Valuation is key – especially in a conservative and recession-prone market like the one we’re currently in. That is why I say to you, dear readers, this is not the time to invest in Principal Financial Group.
S&P Global analysts give the company average targets of $78/share, which means that they’re actually agreeing with my stance – which is of course rare. Only one out of 13 analysts currently has a “BUY” rating on PFG, and the overvaluation today is potentially as much as 7% based on these targets. The range goes from $61 up to $90/share at most, and for once I am in almost 100% agreement with the analysts of a company here.
In my previous article, I gave the company a share price of $65/share. In light of today’s market and situation and what we find in terms of attractive companies, this is not a target I am going to be shifting to here.
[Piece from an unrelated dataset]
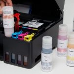Print Technology: 2 FINE Print Heads (Left : BK/R/Gy, Right : C/M/Y), Refillable ink tank printer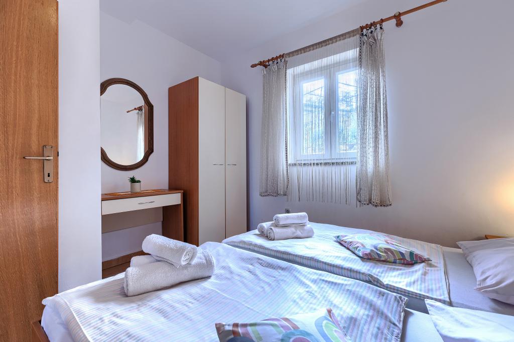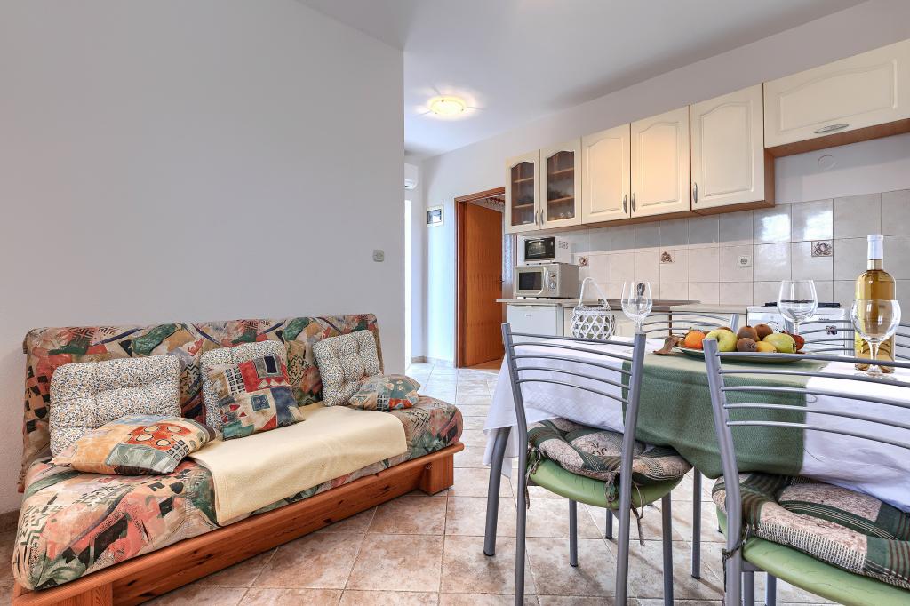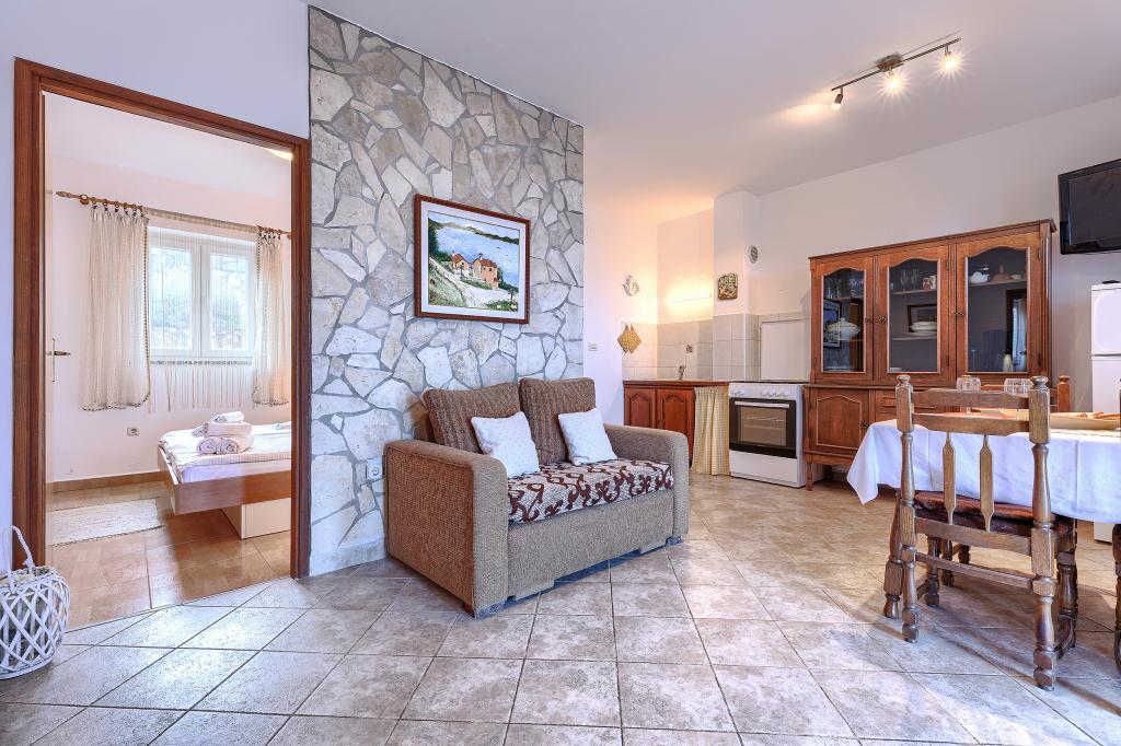 Pročitaj više Smještajne jediniceUvjeti rezervacije: 1. Molimo platite akontaciju, ostatak iznosa je potrebno platiti po dolasku. 2. Mogućnost dolaska nakon 16:00, a odlazak do 10:00. 3. Cijena uključuje turističku pristojbu, klima uređaj, privatan parking, TV, Wi-Fi, posteljinu, ručnike i završno čišćenje. 4. Po dolasku, predajte identifikacijske dokumente svih gostiju vlasniku objekta radi prijave. 5. Ne ostavljajte klima uređaj uključen ako za njim nema potrebe, na primjer, dok ste izvan apartmana i nemojte ga koristiti sa otvorenim prozorima i vratima. Molimo vas da zatvorite sva vrata i prozore kada ste vani kako ne bi došlo do štete u slučaju oluje, propuha. 6. Osobama koji nisu gosti nije dopušteno prenoćiti ili boraviti cijeli dan u prostorijama 7. Gost koji namjerno ili slučajno prouzroči štetu morat će nadoknaditi puni iznos štete. 8. Gostu koji krši kućni red i remeti mir bezuvjetno će biti odbijen smještaj 9. Vlasnik objekta ne odgovara za stvari gosta, ali upozoriti će gosta na opasnosti.

Rather, I’m repeating and emphasizing it – it’s $65/share.
Historically speaking, these analysts, and that by the way includes me, have been pretty accurate when it comes to the business. I would also argue that the company has a pretty well-established tradition of trading between specific price ranges – and once the price goes above the price range we’re seeing here, then it usually comes back down again fairly quickly.
Because of that, this is my current thesis.
Thesis for the Common
I consider my current thesis on PFG as follows:
- Principal Financial Group is an absolutely solid insurance play that’s generated alpha in my portfolio for many years – and was rotated at a time when it had generated that alpha back around the $70/share mark. I would be happy to buy it back when it’s cheap, but not at over 11X P/E.
- The insurance sector is full of solid, global companies offering a 4%+ yield at excellent credit safeties – and PFG is one of the more expensive ones of the bunch.
- PFG is a “HOLD” here. A price target that I would consider attractive for investment based on my goals would be around $65/share – though every investor of course needs to look at their own targets, goals, and strategies. I would also always consult with a finance professional before making investment decisions such as this.
Remember, I’m all about:
1. Buying undervalued – even if that undervaluation is slight, and not mind-numbingly massive – companies at a discount, allowing them to normalize over time and harvesting capital gains and dividends in the meantime.
2. If the company goes well beyond normalization and goes into overvaluation, I harvest gains and rotate my position into other undervalued stocks, repeating #1.
3. If the company doesn’t go into overvaluation, but hovers within a fair value, or goes back down to undervaluation, I buy more as time allows.
4. I reinvest proceeds from dividends, savings from work, or other cash inflows as specified in #1.
Here are my criteria and how the company fulfills them (italicized).
This company is overall qualitative.
This company is fundamentally safe/conservative & well-run.
This company pays a well-covered dividend. This company is currently cheap.
This company has a realistic upside based on earnings growth or multiple expansion/reversion.
A great company, but it does not fulfill my criteria for investing in terms of valuation.
The options play
In terms of options, the current valuation means that we can’t really put money to work at attractive put options prices. If you’ve elected to hold onto your PFG shares, but have 100+ shares and want to look at a CALL option, I have this to offer you.
PFG Call Option (Author’s Data)
This is a long-dated call option with a low Strike, meaning a higher premium. This is what I usually do when I “want” to sell an equity at a specific price. I want the sort of yield that makes it worth not selling straight if the company drops back down. Close to 10% annualized gives that. If I had 100 shares of PFG, this is what I would do.